What This Document Is
This is a programming assignment for CS 625: Parallel and Distributed Computing at the University of San Francisco. The assignment focuses on applying parallel computing techniques, specifically utilizing CUDA, to solve a classic computer science problem – the Longest Common Subsequence (LCS) problem. It requires students to develop a C program that efficiently finds the longest subsequence common to two given sequences of positive integers. The assignment emphasizes the practical implementation of parallel algorithms and performance optimization.
Why This Document Matters
This assignment is crucial for students enrolled in a parallel and distributed computing course. It provides hands-on experience in translating theoretical concepts into a working CUDA program. Successfully completing this assignment will demonstrate an understanding of parallel programming models, GPU architecture, and algorithm design for parallel execution. It’s particularly valuable for students preparing for roles involving high-performance computing, data science, or any field requiring efficient processing of large datasets. This assignment will be most helpful when you are ready to put your CUDA knowledge into practice and tackle a non-trivial algorithmic challenge.

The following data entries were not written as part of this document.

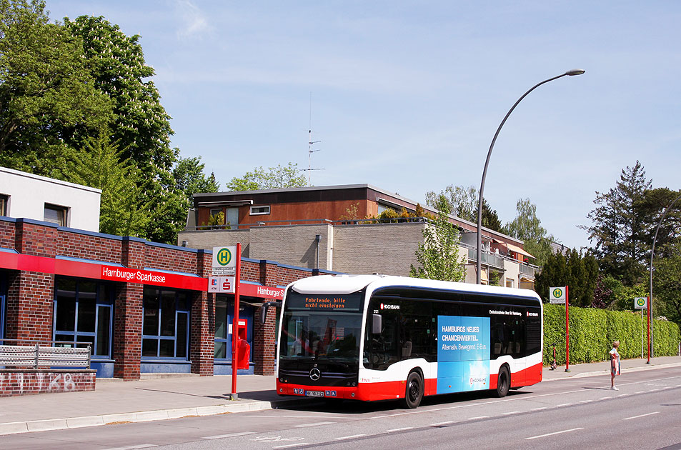 Mit Elektromobilität durch Hamburg: Der Hochbahn 2121, ein Evobus vom Typ Ecitaro, an der Haltestelle S-Bahn-Bahnhof Wellingsbüttel. Digi Foto: IMG_7422.JPG Digi Fotos 0344 (D16/D5/#+22) Foto: Lars Brüggemann Interner Vermerk: Dieses Foto ist noch unter einem anderen Dateinamen online. |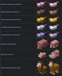 - Обновлены текстуры и модели большинства детенышей мобов.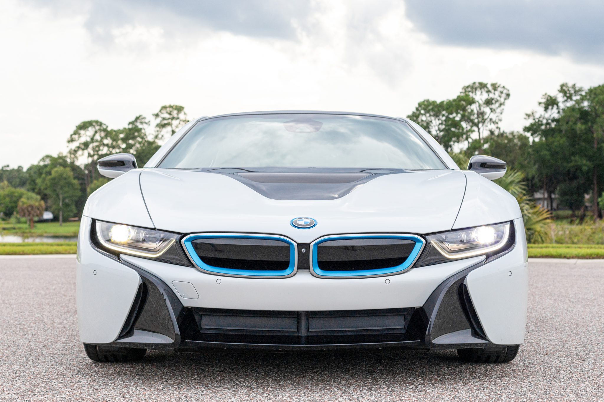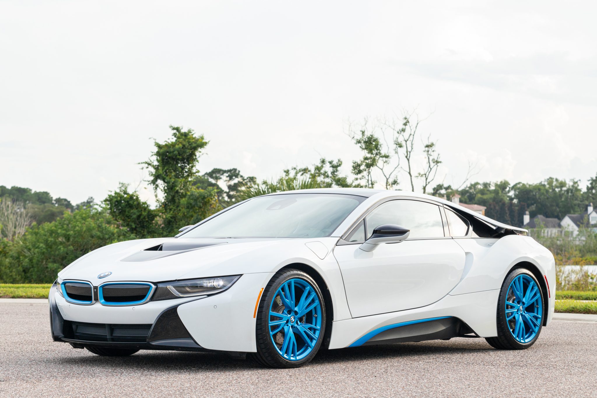 Factory 20″ Style 470 wheels have been powder-coated to match the i8’s blue exterior accents and are wrapped in 245/35 Michelin Pilot Super Sport tires. Brake calipers with i Blue accents and “BMW i” lettering are equipped as part of the Pure Impulse package.

Common Limitations or Challenges
This document outlines the problem statement, required functionalities, and evaluation criteria for the assignment. However, it does *not* provide a complete, ready-to-run solution. Students are expected to independently design, implement, and debug their CUDA program. The document also doesn’t offer detailed guidance on specific CUDA syntax or debugging techniques; those are assumed to be covered in course lectures and other materials. It focuses on the algorithmic problem and parallelization strategy, not step-by-step coding instructions.
What This Document Provides
* A clear definition of the Longest Common Subsequence problem.
* Specific instructions regarding program input and expected output formats.
* Command-line argument specifications for controlling thread block and thread configurations.
* An optional flag to suppress output for performance testing.
* Background information and terminology related to sequences and subsequences.
* A description of the dynamic programming approach to solving the LCS problem serially, providing a foundation for parallelization.
* Guidance on the core logic behind the LCS algorithm using the L array.